Electricity production by clean, safe and sustainable energy sources is nowadays a priority for many industrialized countries due to increasing energy demand and reducing CO₂ emissions. Wind, solar and wave energy have become great candidates to provide the solution for a long time. Among them, wave energy shows considerable technical advantages compared to wind and solar. It is not only a substantial clean energy supply but also more predictable, persistent and spatially concentrated [1]. As stated by Johannes Falnes [1], the power flow intensity of solar and wind energy can be up to 2–3 kW/m² as they are converted to wave energy. This increase in power intensity and the fact that wave energy is more persistent than the others stimulate motivation for developing wave power technology to a prosperous mature level in the future. Although being underestimated as no commercialized products are available in the market [2,3,4], still wave energy is a fresh, promising approach for a solution to the greenhouse gases (GHG) emission problem.

There are hundreds of concepts for WEC technologies [2,3,4] but only a few full-scale devices have been investigated in real sea conditions. Based on WEC development [4], the point absorber type has received more attention, because it is the simplest and cheapest type. Their diameters are significantly smaller than the wavelength, and the point absorbers can harvest wave energy in all directions. There is a large number of existing works using point absorber. Reacting to the wave motion, the buoy is forced to move up and down. Then, these movements can be transmitted to drive a translational motion of the linear generator [5]. This type of power take-off (PTO) has faced several challenges such as the linear generator is still in a premature stage, the system size strongly depends on the rated force of the WEC device and the wave conditions [6].
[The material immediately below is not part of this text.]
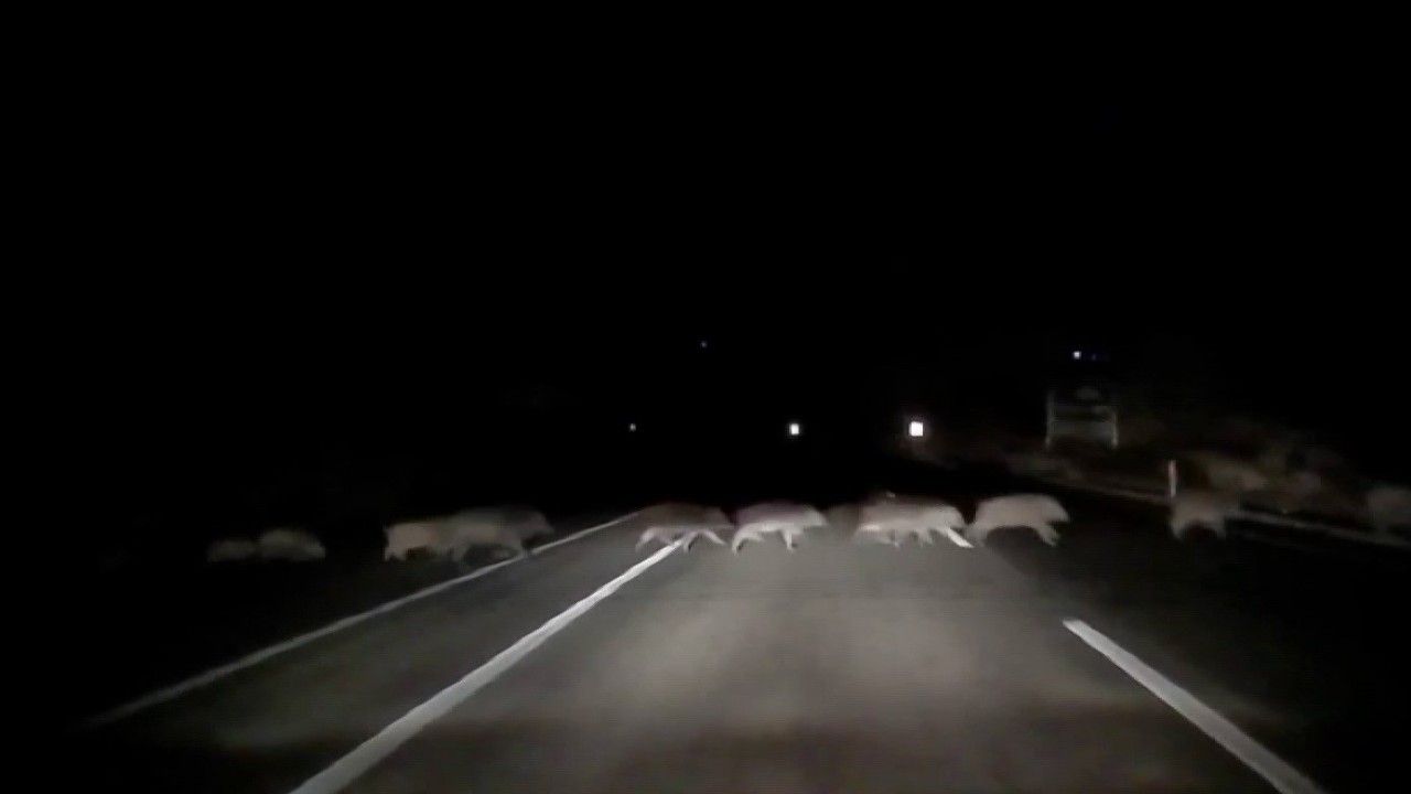 Gölbaşı istikametinden Adıyaman istikametine gelmekte olan bir aracın önüne Şambayat Beldesi yakınlarında domuz sürüsü çıktı. Gecenin karanlığında Adıyaman- Gölbaşı Karayoluna inen domuz sürüsünü son anda fark eden araç sürücüsü sürüye çarpmamak için fren yaparak güçlükle durdu. Bu esnada arkadan gelen bir motosiklet sürücüsü ise yaptığı frenlere rağmen duramayarak ani bir refleksle sürüye ve önünde duran araca çarpmamak için yolun karşı şeridine geçti. Yaşanan olay aracın kamerasına ise saniye saniye yansıdı. Karşı şeride geçen motosiklet daha sonra yeniden kendi şeridine geçerek yoluna devam etti. Bir süre duran trafik, sürünün yoldan çıkmasının ardından devam etti.

Another type is mechanical PTO WEC. The advantage of this type is that the rotary generator can be used since a mechanical transmission i.e. rack-and-pinion and gearbox can convert the translational motion of the wave to rotational motion [7,8,9,10,11]. Some previous studies also showed that some subsystems can be applied to improve system performance. Inertia [8], stiffness [9] and output speed [11] of the system can be controlled using some extra mechanisms to achieve higher efficiency. One drawback of this type is necessary for frequent maintenance due to a large number of short-lifetime-moving parts [6].

The use of hydraulics PTO is the most appropriate method for WEC due to its particular suitability for the movements of wave devices, the pitching of a lever arm or the vertical motion of a buoy against a stationary reference can easily be used to drive a piston in a pump or a hydraulic ram. The transmission efficiency can reach 90% [6]. Besides, hydraulic components are available from commercial manufacturers. Another advantage is the ease of incorporating energy storage, which can be done using a high-pressure accumulator or a set of high-pressure/low-pressure accumulators. Most of these existing technologies have shown good concepts along with working principles [12,13,14,15,16,17]. However, the energy conversion efficiencies are limited by many factors such as loss for friction or viscous, improper working conditions of equipment, etc. Some researchers have proposed methods to increase the output power of hydraulic PTO WEC. Do et al. [18, 19] and Tri et al. [20] found the influence of the sliding angle of the buoy comparing to the vertical direction to the power performance and proposed their methods to achieve the optimal slope. Another method was presented in [21] where they stabilized the output power using the pressure coupling principle. Ahn [22] and Truong [23] proposed a combination of mechanical-hydraulic PTO to exploit the advantages of both types. The concept is promising but it lacks experimental results. As investigated by Cargo [24,25,26], the component that contributes to the main power loss in the circuit is the hydraulic motor, whose loss is up to 40% of the loss in the hydraulic circuit. The motor has an optimum working condition relating to the ratio between speed and pressure. It is important to set the motor to work in a high-efficiency working range. In this way, the loss caused by the hydraulic motor can be reduced. Consequently, system performance and efficiency will be increased.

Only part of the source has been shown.